I’m so ready for bed!
Her sister had other ideas and followed her to her room.
“So David bought an unregistered Mustang recently. It’s going to be a little while before he can drive it, but he’s super excited about having a car and has great plans to restore it. I’ve been over to their place a couple of times to spend time with him while he works on it. Did I tell you he’s doing an automotive course? He was doing it at his local TAFE and when they moved over here he was able to get credits for the course here. Neat, huh?”
Savannah nodded absentmindedly, unpacking her weekend bag. Her gaze fell on a book for uni and she grinned. It felt good to have decided to attend residential school if Nev agreed.
“So he told me he loves me,” Keira blurted out suddenly, gaining Savannah’s attention.
She sat down on her bed, watching her sister who was sitting cross legged at the end.
How long have they been going out? Has he kissed her? Did she tell me before and I wasn’t paying attention?
“Wow,” Savannah responded, “it seems like only yesterday you were telling me about David having arrived at church with his family.”
Keira nodded enthusiastically.
“It does! But we’ve been going out for nearly three months now,” she said, a hint of pride in her voice.
Savannah questioned if she’d not been so hesitant with Craig when he kissed her, if she would have been able to say the same thing. She thought about this, her mind quickly consumed with images of the dark haired man. She remembered their trip out to the falls and his description of the bones in the horse’s hoof and legs. His touch had sent tingles through her body. When his gaze had met hers, she’d looked down quickly, afraid he would realise how much his touch affected her. When she focused on Keira again, she frowned at the smirk on her sister’s face.
I hate being so easy to read! Why can I hide my gaze from others but I sometimes forget to do that around my sister?
“Who is he?” Keira asked.
Her tone was both smug and curious. Savannah sighed and looked elsewhere.
“Who?” she asked unconvincingly, knowing that at least this time her eyes wouldn’t give her away.
“The guy you’re thinking about. I hope he’s nothing like Jackson. I still want to punch that guy. Who honestly thinks things will go well with their girlfriend if they make up stories about them sleeping together and then spread it around town? Argh, I really would like to hurt him.”
Savannah smiled and reached across to squeeze her sister’s hand.
“Thanks, Keira. I’m not sure that the anger you harbour toward Jackson is healthy, but I appreciate the sentiment.”
Besides, it wasn’t the stories that were the hardest to deal with. It was the constant pressure to sleep with him.
Keira shrugged, returning the topic to David. Savannah refrained from looking at her sister too long. She didn’t want her to see how relieved she was that they’d moved on from the discussion of who Craig was. She also felt she should be paying a little more attention to her sister’s relationship.

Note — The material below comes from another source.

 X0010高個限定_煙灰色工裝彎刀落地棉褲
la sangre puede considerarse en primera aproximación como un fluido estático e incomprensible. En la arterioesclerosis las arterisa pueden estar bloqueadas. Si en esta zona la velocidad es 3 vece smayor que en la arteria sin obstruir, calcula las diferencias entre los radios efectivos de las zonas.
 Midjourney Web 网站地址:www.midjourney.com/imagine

I don’t think she’s too young to have a boyfriend… but I think her desire to be married and have kids is a little premature. I hope their relationship isn’t distracting her from her studies.
She smiled to herself, knowing that she was as guilty of that as her sister may be.

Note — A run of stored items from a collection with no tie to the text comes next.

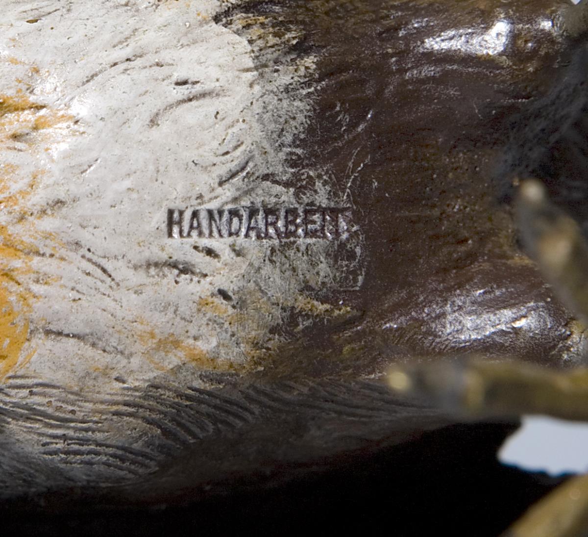 Naturalistisch modelliert und farbig bemalt; das große Rotkehlchen mit blauen Glasaugen. Das Rotkehlchen "Handarbeit" gemarkt, das kleine Rotschwänzchen undeutlich. Ein Fuß der Henne mit Zinn restauriert, partiell berieben.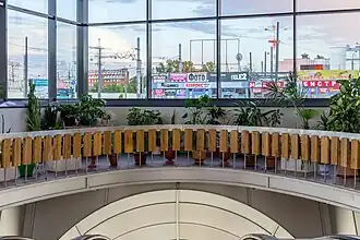 Elle dispose, en surface, d'un pavillon d'accès, en relation avec le quai de la station par un tunnel en pente équipé de trois escaliers mécaniques suivi d'un couloir et de deux escaliers fixes. Par ailleurs le hall est relié par un escalier fixe à un long passage souterrain piétonnier disposant de sept bouches de part et d'autre de la voie routière et des rails du tramway situés en surface[2].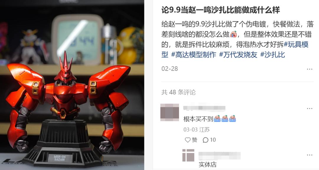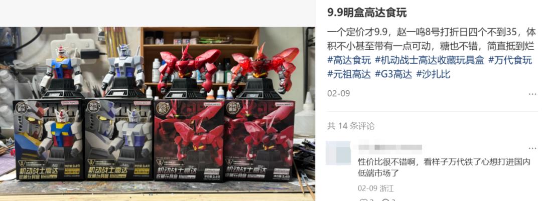 上个月,赵一鸣端出了由日本万代授权的高达胸像明盒,售价同样为9.9元:此前,万代食玩部的小型成品模型国内售价多在40-80元,而特殊配色和彩色透明材质更是“基地限定”的代名词,拼装部模型的市价都在300元以上。不少人为此第一次开始搜索附近的赵一鸣门店:“9.9挺大一只还带点可动,造型也正,买半只回来练手改造已经够划算了,它还送我一颗糖。”

And I don’t even have a boyfriend.
“So how’s the study going?” Savannah asked, earning a roll of the eyes from Keira.
“It’s going; it’s just so irrelevant to what I want in life! Really, how is a novel about the Great Depression supposed to help?”
Savannah smiled, starting a rant on its relevance. She found that Keira was very quickly making excuses about needing to sleep. Her older sister was only too happy to let her go – she wanted to do exactly the same thing.